An historical room with paintings on the wall.

Elizabeth Colomba

New York/France
Visual
Artist in Residence, 2019
www.elizabeth-colomba.com

A portrait of a person sitting in front of a canvas on an easel.

 

Artist Statement

Informed by historical and literary sources and iconography, I compose a visual language that incorporates my Caribbean and French heritage combined in the tradition of classical academic painting. As a part of my practice, I research historical characters such as Phillis Wheatley and Chevalier de Saint Georges immortalizing them as their contemporaries could have. My work allows portraiture to become a political space while honoring presence in a story where the black body was relegated to invisible subjects carrying the burden of history. Creating images that challenge our learned perception and unconscious reactions helps us to re-evaluate what we know. While acknowledging the past, I wish to bend an association of ideas, so a black individual in a period setting is no longer synonymous with a slave or subservient, and by extension becomes the center of their own tale.

While at Headlands

I’ve been cultivating the concepts of leisure, class, and blackness.
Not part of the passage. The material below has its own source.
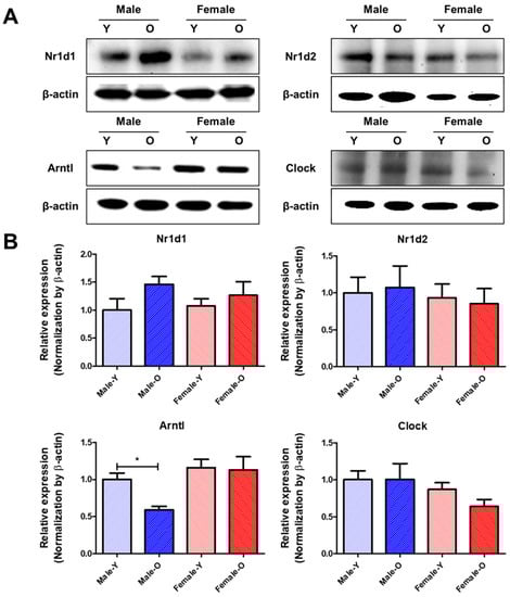 Protein expressions of Nr1d1/2, Arntl, and Clock which were differentially expressed according to sex and age in SD rats (n = 4 or 6 per group). (A) Representative band images of Nr1d1/2, Arntl, and Clock. (B) Relative expression of Nr1d1/2, Arntl, and Clock. These proteins showed sex differences in their expression during liver aging. Nr1d1, nuclear receptor subfamily 1 group D member 1; Nr1d2, nuclear receptor subfamily 1 group D member 2; Arntl, aryl hydrocarbon receptor nuclear translocator like; Clock, clock circadian regulator; Y, young; O, old. * p < 0.05 between the two groups.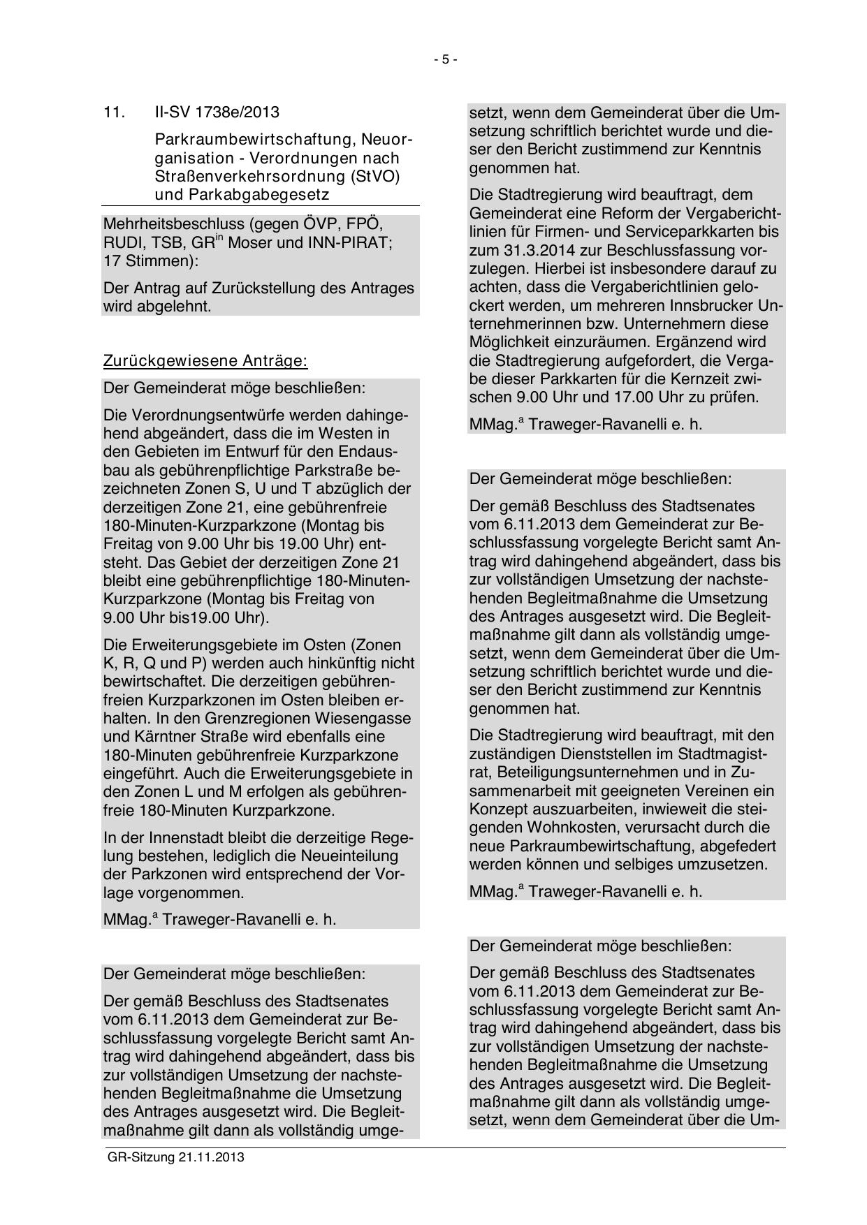 des Antrages ausgesetzt wird. Die Begleitmaßnahme gilt dann als vollständig umgeGR-Sitzung 21.11.2013

While drawing my inspiration from classicism and European art, I want to explore what it is to see the black body embodying a space where it takes part in timeless lightness. In leisure, Blackness is seldom allowed to embrace leisure, as it might dangerously be perceived as indolent, while white cultural forms are universalized as normal forms. I’m interested in depicting how leisure choices are used to construct exclusive identities by having black characters occupying a space routinely inhabited by whiteness. My final project will be large watercolors. I have worked with this medium before, however always on a small scale. While at Headlands, I plan to develop the concept by drawing studies and sketches, navigating between different themes of leisure. A few will be outdoors, and the geographical setting of Headlands will allow me to use the landscape as inspiration.